Zeitsprung: Am 22.3.1984 drehen Queen das Video zu „I Want To Break Free“.

March 21, 2019
in Category: Popkultur



Zeitsprung: Am 22.3.1984 drehen Queen das Video zu „I Want To Break Free“.

Zeitsprung: Am 22.3.1984 drehen Queen das Video zu „I Want To Break Free“.

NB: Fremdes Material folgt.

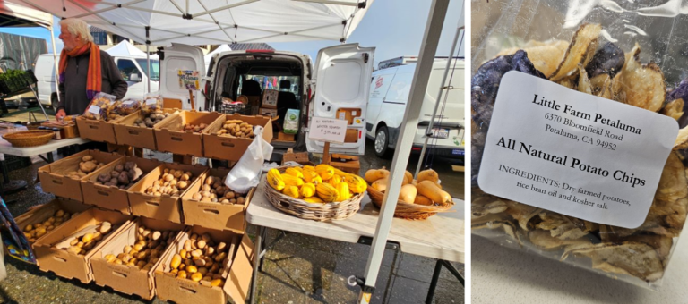 David Little cultive avec sa fille sur l’exploitation Little Farm Petaluma principalement différentes variétés de tomates et de pommes de terre de plein de formes et de couleurs différentes, ainsi que quelques légumes, avec des techniques de dry farming qui permettent la culture en sol aride, sans irrigation ou utilisation d’eau. Avec la hausse des coûts de production, il a dû vendre à contre-cœur les terres agricoles qui appartenaient à sa famille depuis 3 générations, et loue désormais d’autres terres plus éloignées de la Baie de San Francisco. Leurs chips de pommes de terre coupées et frites à la main sont très appréciées dans la région! (Ferry Plaza Farmers Market)

Anekdoten, Jubiläen und wilde Geschichten: Was an diesem Tag in der Welt der Musik passiert ist, lest ihr täglich in unserem Zeitsprung. Heute: 22.3.1984.

von Christof Leim und Andrea Hömke

Wer kennt die Szene nicht: Freddie Mercury schiebt, als Frau gekleidet und mit Schnauzer im Gesicht, einen Staubsauger durch ein typisch britisches Wohnzimmer. Beim Videodreh zu I Want To Break Free am 22. März 1984 ahnt die Band nicht, dass sie mit ihrem parodistischen Musikfilmchen nicht nur für Lacher, sondern auch für einen „Skandal“ sorgen wird, der keiner ist, aber Folgen für ihre weitere Karriere haben wird.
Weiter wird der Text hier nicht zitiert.